Terrà

Germoplasma olivicolo siciliano, il recupero della memoria

Negli ultimi vent’anni della mia carriera professionale ho avuto l’incarico di raccogliere, presso il Campo Sperimentale dell’Esa, tutto il patrimonio genetico olivicolo presente in Sicilia, catalogarlo e descriverlo in collaborazione con l’Università di Palermo.

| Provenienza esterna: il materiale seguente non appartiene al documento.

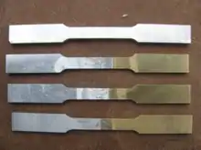 Another important characteristic in DFSW is the final tensile strength. The majority of dissimilar weldments presented similar trend in tensile strength. There are two different materials in DFSW. One is softer than the other. For example, in aluminum to copper joint, aluminum is softer than copper. What would be the tensile strength of the joint? Is it more than both? Is it less than both? What is the requirement for the sound joint? The answer is that tensile strength of the joints in DFSW are a fraction of the tensile strength of the softer material. Therefore, the final tensile strength of the weldments are usually less than tensile strength of both materials, however, in order to be acceptable in the industry, it is usually more than 70 percent of the tensile strength of the softer material.[27] Fracture behavior of the tensile specimens shows that majority of the joints failed at the interface along with a brittle fracture. It can be attributed to IMCs developed at the interface. Although, it could successfully improve tensile strength, but the specimens showed brittle fracture which is one of the existing challenge in dissimilar joints fabricated by FSW.
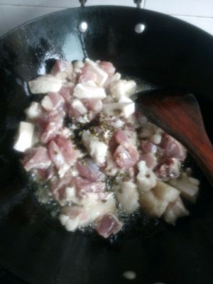 热锅倒油放四五块冰糖,熬化成红色气泡放入五花肉翻炒至五花肉中流出油份

Negli stessi anni con il prof Claudio Peri, Erminio Monteleone, Paolo Pasquali e altri amici, abbiamo avviato l’esperienza della “TRE E” ovvero produrre degli oli di assoluta eccellenza “Beyond Extra Virgin”. All’inizio il lavoro di raccolta, descrizione, catalogazione e conservazione sembrò una semplice, naturale attività, riservammo poche e occasionali attenzioni alle definizioni locali, ritenendola con sufficienza “materia” per studiosi.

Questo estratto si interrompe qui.